▸ **Task prompt**
Go to the line below that has "The Elspeth Gatefold", print it and each line after it exactly, and stop after the line that has "Geripptes Tanktop: Erhältlich"; leave out pictures.

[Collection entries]
__________________________________________________
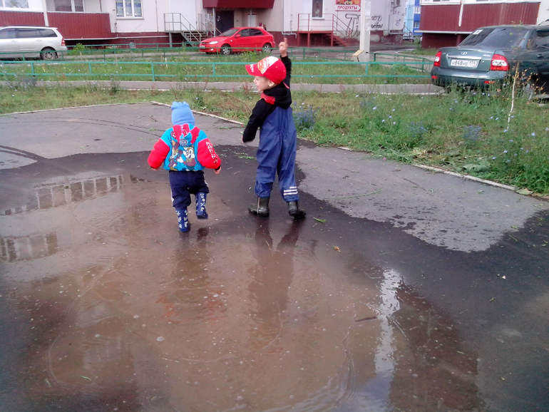 Всё,тушите свет(((Дети даже в садике не гуляют((А позавчера вроде потеплело,даже солнышко выглянуло,мы плюнули,одели детям резиновые сапожки,Савику еще и штаны непромокайки и пошли бегать по лужам!!Так классно было!Жаль,что у нас с мужем нет резиновых сапог))Вокруг дома все лужи померили,но возле детской площадки луже поглубже были,там и остались.Какой у детей был восторг,девочки!Столько визгу было))Мамаши с площадки так смотрели на нас)))))А бабуськи у подъезда(что странно) восхищались нами,типа вот молодцы,ребята,настоящее детство у детей)))))Ну вот были бы у двойнят непромокайки,погуляли бы дольше,но Лиза подскользнулась и прям увалилась в грязнючую лужу и ржет)))Потом следом за ней и Тимон уселся в лужу))Мокрые насквозь,мы пошли оооочень довольные домой в теплую ванну с пенкой!!Дети вырубились за минуты!!Вывод-как можно больше веселья в любую погоду,дать детям воли и купить непромокайки!!)))))Ну вот и фоточки!Только опять с телефона,т.к. фотик мы наш так и не отремонтировали(((
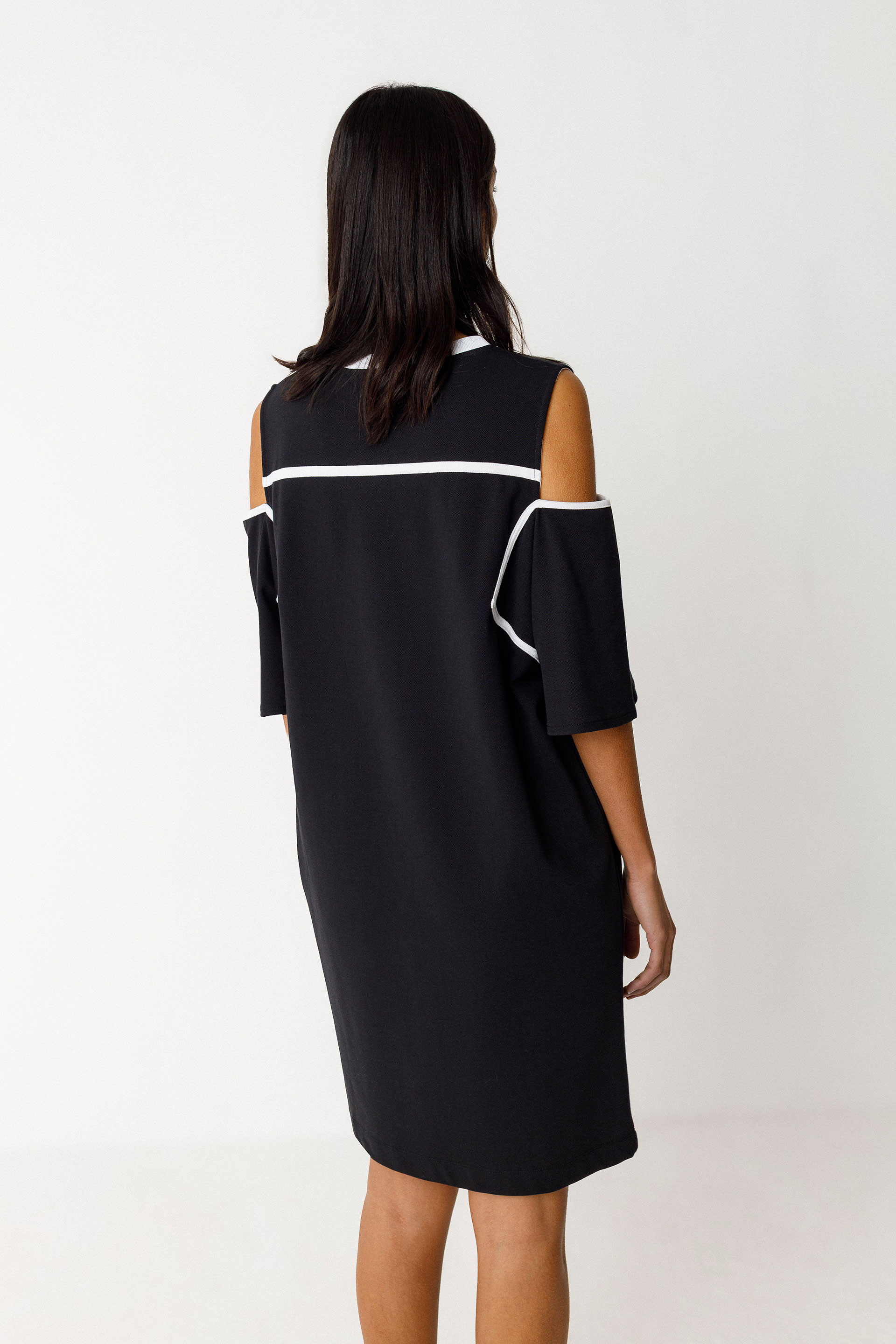 Robe courte et ample à manches courtes et encolure arrondie. Elle se distingue par ses découpes aux manches relevées de passepoils contrastants.
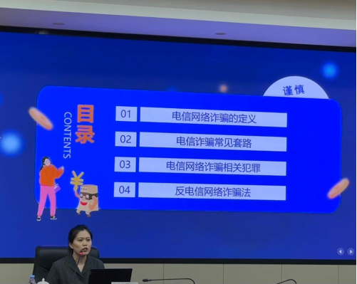 此次培訓(xùn)由閩侯縣人民法院陳葉玲擔(dān)任宣講人,她圍繞電信網(wǎng)絡(luò)詐騙的定義、電信詐騙常見(jiàn)套路、電信網(wǎng)絡(luò)詐騙相關(guān)犯罪、反電信網(wǎng)絡(luò)詐騙法四個(gè)方面,通過(guò)案例分析,以通俗易懂的語(yǔ)言講解了常見(jiàn)詐騙案件的特點(diǎn)和犯罪分子的慣用手法、作案方式、識(shí)別和防范技巧。
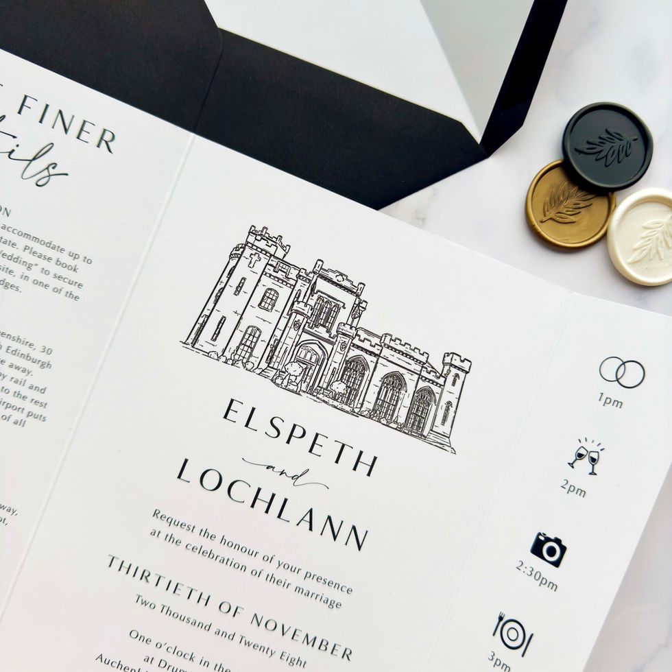 The Elspeth Gatefold Wedding Invitation by Feel Good Invites is a refined, neutral gatefold invite designed for timeless weddings. This elegant wedding invitation features a custom venue sketch, making it a beautiful choice for personalised and bespoke wedding stationery.
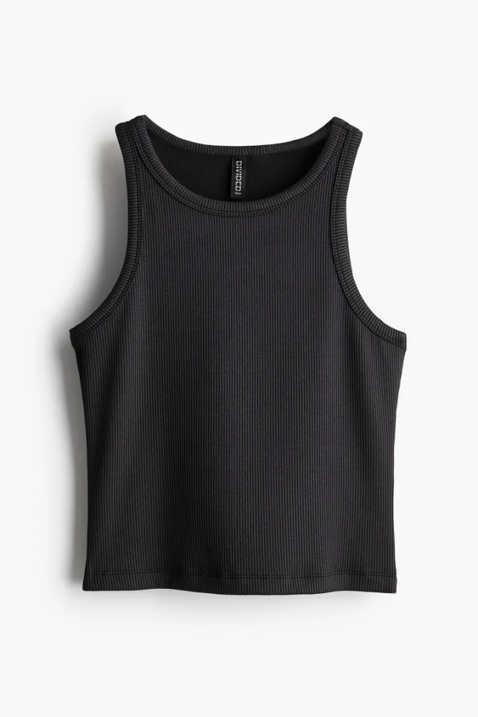 Geripptes Tanktop: Erhältlich in Schwarz und Hellgrau, Größen von XXS bis M.
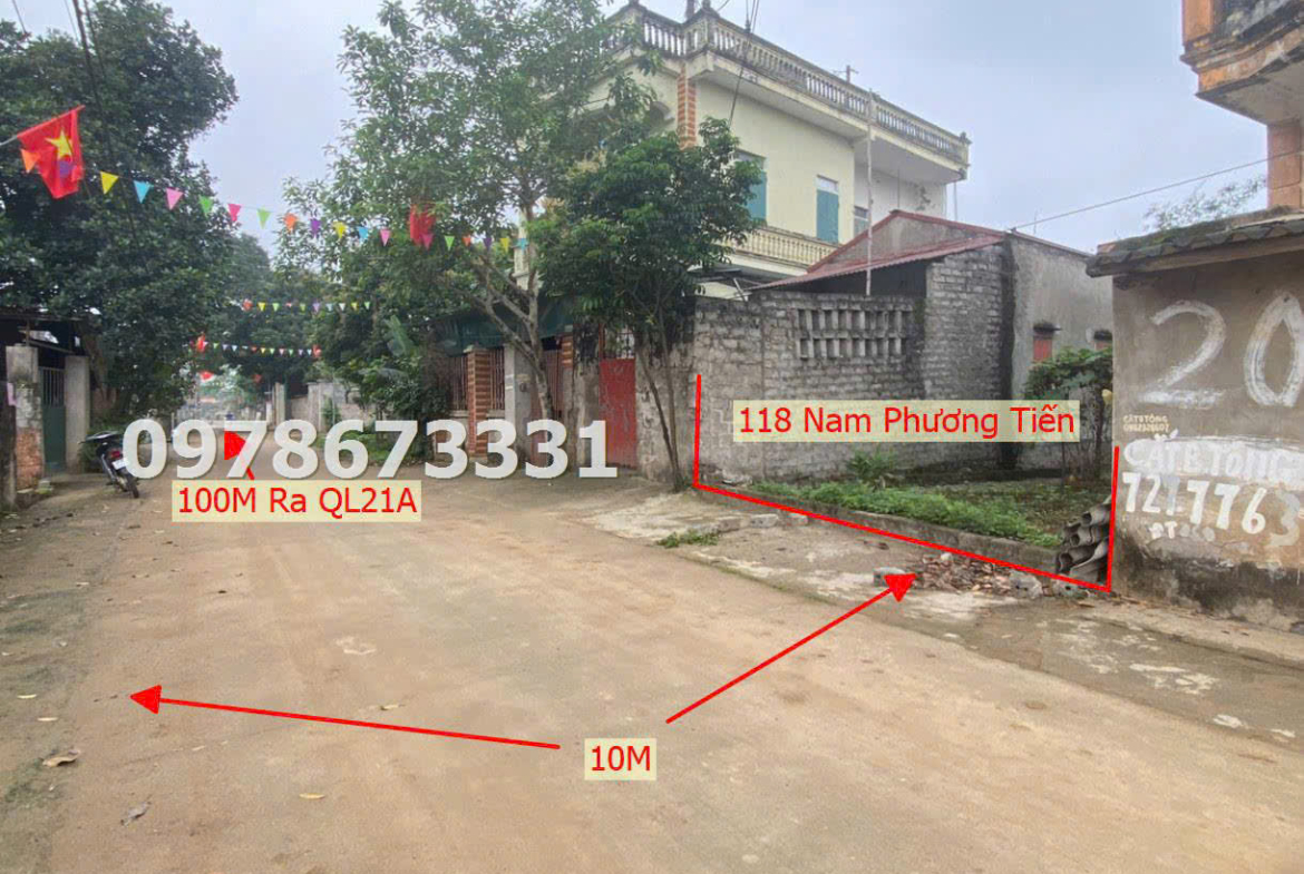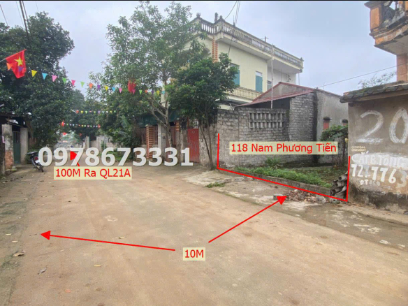 -Diện tích : 118m2 -Mặt tiền = mặt hậu = 5m -Đường trước đất rộng 10m ô tô tránh nhau -Sát trục chính liên xã Tiện ích : -Nằm sát QL21A kinh doanh qua lại tấp nập -Cách Chợ Cá 200m -Cách khối cơ quan khu hành chính xã chỉ 300m
__________________________________________________
▸ **Answer to the problem**
 The Elspeth Gatefold Wedding Invitation by Feel Good Invites is a refined, neutral gatefold invite designed for timeless weddings. This elegant wedding invitation features a custom venue sketch, making it a beautiful choice for personalised and bespoke wedding stationery.
 Geripptes Tanktop: Erhältlich in Schwarz und Hellgrau, Größen von XXS bis M.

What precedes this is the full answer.